Problem description –
Please return the data word for word and leave out any picture it contains.

Exercise data –
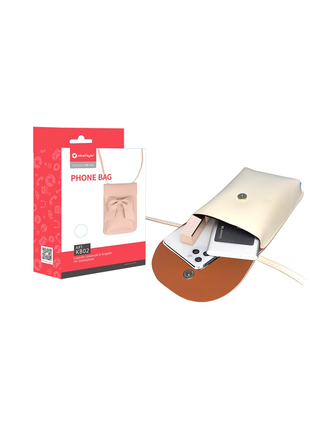 Custodia universale con tracolla e fiocco dcecorativo, realizzata in ecopelle PU, dotata di un comodo laccio da collo realizzato nello stesso materiale.
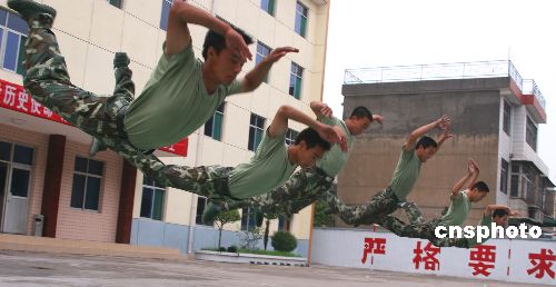 7月21日,武警战士们在烈日下刻苦训练。当天是今夏入伏的第二天,武警陕西省咸阳市支队的武警战士们冒着高温进行体能、擒敌技术、应急防暴等科目训练,加紧苦练精兵。中新社发 何建虎 摄
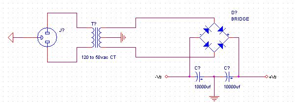 Power-supply:I used a 110 volts to 50 volts ac transforer with a center tap. (this means +50 volts and -50volts). Next, I rectify the current with a diode bridge(big enough for 8A), and I filter with 2 big capacitors of 10000uf each.
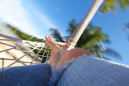 relaxation, beach, hammock, travel, male, sea, sky, foot, idylli, summer, barefoot beach, 1, leg, tropical, blue, vacation, nature, tree, lying, resting, palm, relax, paradise, resort, man, swinging

Answer box –
 Custodia universale con tracolla e fiocco dcecorativo, realizzata in ecopelle PU, dotata di un comodo laccio da collo realizzato nello stesso materiale.
 7月21日,武警战士们在烈日下刻苦训练。当天是今夏入伏的第二天,武警陕西省咸阳市支队的武警战士们冒着高温进行体能、擒敌技术、应急防暴等科目训练,加紧苦练精兵。中新社发 何建虎 摄
 Power-supply:I used a 110 volts to 50 volts ac transforer with a center tap. (this means +50 volts and -50volts). Next, I rectify the current with a diode bridge(big enough for 8A), and I filter with 2 big capacitors of 10000uf each.
 relaxation, beach, hammock, travel, male, sea, sky, foot, idylli, summer, barefoot beach, 1, leg, tropical, blue, vacation, nature, tree, lying, resting, palm, relax, paradise, resort, man, swinging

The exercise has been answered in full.